WHAT IS BEING ASKED: From the listing below, output the lines between the one with "Der Beton kommt" and the one with "Профиль С-21 обладает", including those two, and nothing else. Pictures are not copied.

PROVIDED MATERIAL:
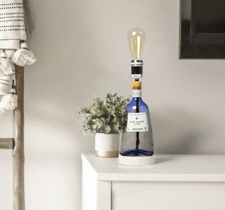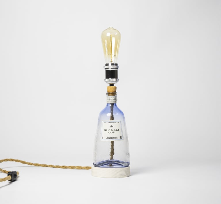 La freschezza delle botaniche mediterranee illumina la bottiglia di Gin Mare.Una lampada perfetta per ambienti rilassati, terrazze e spazi con vista mare.
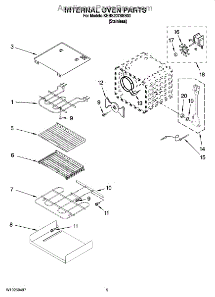 Parts for Kitchenaid KEBS207SSS03: 04 - Internal Oven Parts
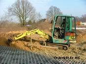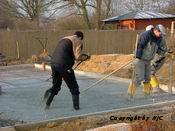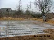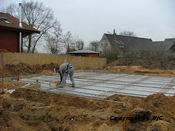 Der Beton kommt und die Bodenplatte kann gegossen werden.
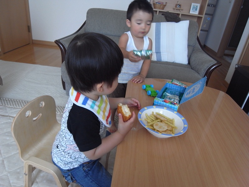 ・お菓子の好みも出てきた。ビスケット系よりもしょっぱい系を食べたがる。
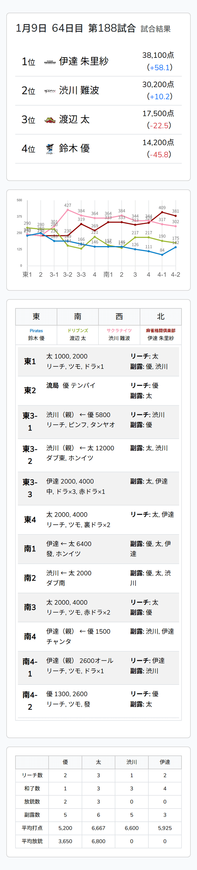 Mリーグ試合速報 1/9 LIVEch 第2試合【優・太・渋川・伊達】麻雀ウォッチ編集部2026年1月9日Mリーグ速報 第1試合結果記事 【1/9 Mリーグ2025-26 第1試合結果】麻雀chは要所の高打点を捉えた下石戟、LIVEchは全員集合の大接戦を制して阿久津翔太がトップ獲得! 第2試合結果記事 【1/9 Mリーグ2025-26 第2試合結果】麻雀chは高打点の攻防を制した多井隆晴がトップ!LIVEchは丁寧な攻守を積み重ねた伊達朱里紗がトップ獲得! 第2試合詳細結果 ©ABEMA 第2試合終了時点のトータルランキング ©ABEMA ▼日程・結果 日程・結果【Mリーグ】-2025-26SEASON ▼選手・チーム成績スタッツ 成績・データ【Mリーグ 2025-26シーズン】 2026年1月9日Mリーグ試合速報 1/9 麻雀ch 第2試合【瀬戸熊・大介・三浦・多井】この記事のライター麻雀ウォッチ編集部麻雀界の最新ニュース、コラム、インタビュー、ランキング、スケジュールなど、麻雀に関するあらゆる情報を発信する日本最大級の麻雀ニュースサイトです。ライターの最新投稿2026年1月9日Mリーグ【1/9 Mリーグ2025-26 第2試合結果】麻雀chは高打点の攻防を制した多井隆晴がトップ!LIV...2026年1月9日Mリーグ速報Mリーグ試合速報 1/9 麻雀ch 第2試合【瀬戸熊・大介・三浦・多井】2026年1月9日Mリーグ速報Mリーグ試合速報 1/9 麻雀ch 第1試合【下石・本田・松本・一馬】麻雀ウォッチ編集部の記事一覧
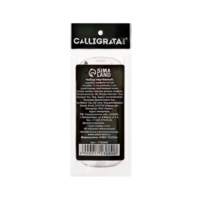 Готовальня Calligrata 4 предмета: циркуль, грифель, удлинитель, рейсфедер, в пластиковом пенале
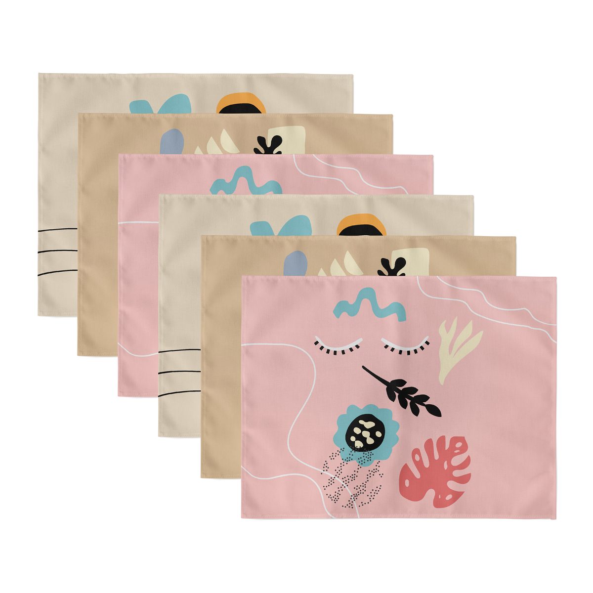 6’lı Renkli Çiçek Tasarımlı Onedraw Temalı Dekoratif Sunum Altlığı – Amerikan Servis Seti
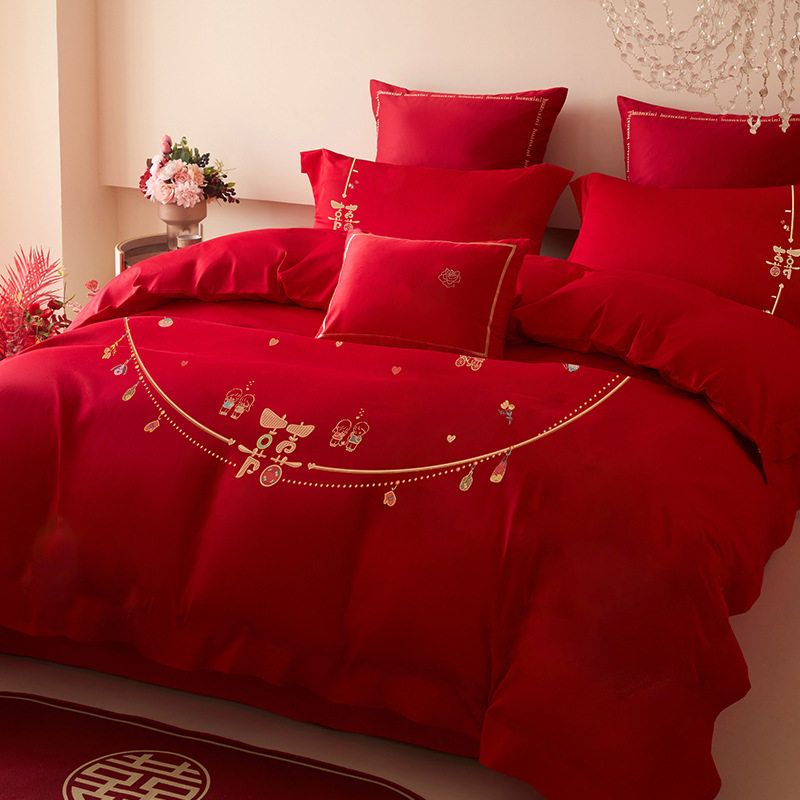 多喜爱美眠康轻奢四件套纯棉婚庆床单被套结婚刺绣床上用品高级感
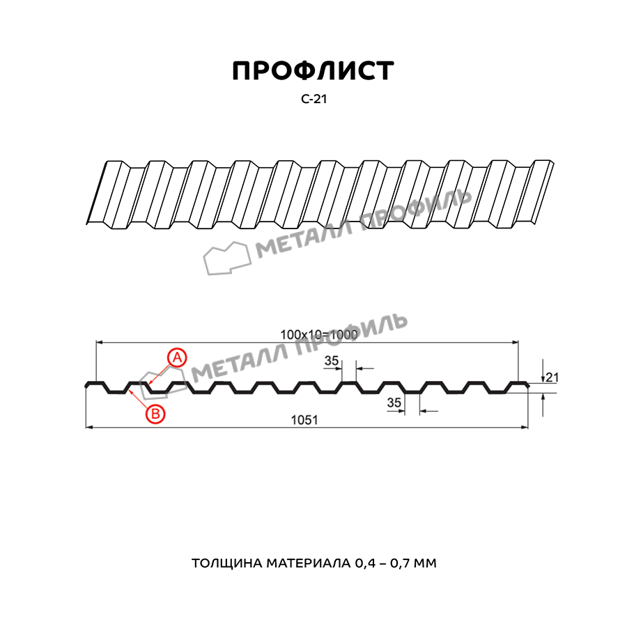 Профиль С-21 обладает высокой прочностью и устойчивостью к воздействию различных погодных условий, что делает его идеальным выбором для наружных работ.
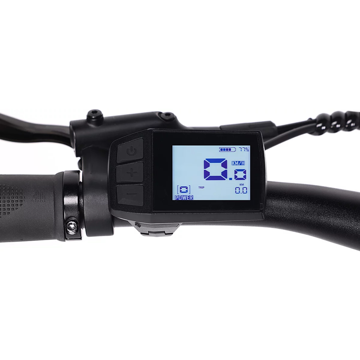 Notre vélo à moteur intégré dans la transmission centrale est équipé d’un écran LCD intelligent qui affiche en temps réel la vitesse, le niveau de batterie, la distance parcourue et bien plus. Il permet de choisir entre 5 niveaux d’assistance, de 12 à 25 km/h, selon votre besoin d’effort. Un mode marche à 6 km/h est également disponible pour les moments où vous devez pousser le vélo.
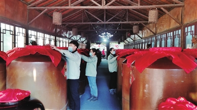 员工正在检查醋储量。

RESULT OF THE EXERCISE:
 Der Beton kommt und die Bodenplatte kann gegossen werden.
 ・お菓子の好みも出てきた。ビスケット系よりもしょっぱい系を食べたがる。
 Mリーグ試合速報 1/9 LIVEch 第2試合【優・太・渋川・伊達】麻雀ウォッチ編集部2026年1月9日Mリーグ速報 第1試合結果記事 【1/9 Mリーグ2025-26 第1試合結果】麻雀chは要所の高打点を捉えた下石戟、LIVEchは全員集合の大接戦を制して阿久津翔太がトップ獲得! 第2試合結果記事 【1/9 Mリーグ2025-26 第2試合結果】麻雀chは高打点の攻防を制した多井隆晴がトップ!LIVEchは丁寧な攻守を積み重ねた伊達朱里紗がトップ獲得! 第2試合詳細結果 ©ABEMA 第2試合終了時点のトータルランキング ©ABEMA ▼日程・結果 日程・結果【Mリーグ】-2025-26SEASON ▼選手・チーム成績スタッツ 成績・データ【Mリーグ 2025-26シーズン】 2026年1月9日Mリーグ試合速報 1/9 麻雀ch 第2試合【瀬戸熊・大介・三浦・多井】この記事のライター麻雀ウォッチ編集部麻雀界の最新ニュース、コラム、インタビュー、ランキング、スケジュールなど、麻雀に関するあらゆる情報を発信する日本最大級の麻雀ニュースサイトです。ライターの最新投稿2026年1月9日Mリーグ【1/9 Mリーグ2025-26 第2試合結果】麻雀chは高打点の攻防を制した多井隆晴がトップ!LIV...2026年1月9日Mリーグ速報Mリーグ試合速報 1/9 麻雀ch 第2試合【瀬戸熊・大介・三浦・多井】2026年1月9日Mリーグ速報Mリーグ試合速報 1/9 麻雀ch 第1試合【下石・本田・松本・一馬】麻雀ウォッチ編集部の記事一覧
 Готовальня Calligrata 4 предмета: циркуль, грифель, удлинитель, рейсфедер, в пластиковом пенале
 6’lı Renkli Çiçek Tasarımlı Onedraw Temalı Dekoratif Sunum Altlığı – Amerikan Servis Seti
 多喜爱美眠康轻奢四件套纯棉婚庆床单被套结婚刺绣床上用品高级感
 Профиль С-21 обладает высокой прочностью и устойчивостью к воздействию различных погодных условий, что делает его идеальным выбором для наружных работ.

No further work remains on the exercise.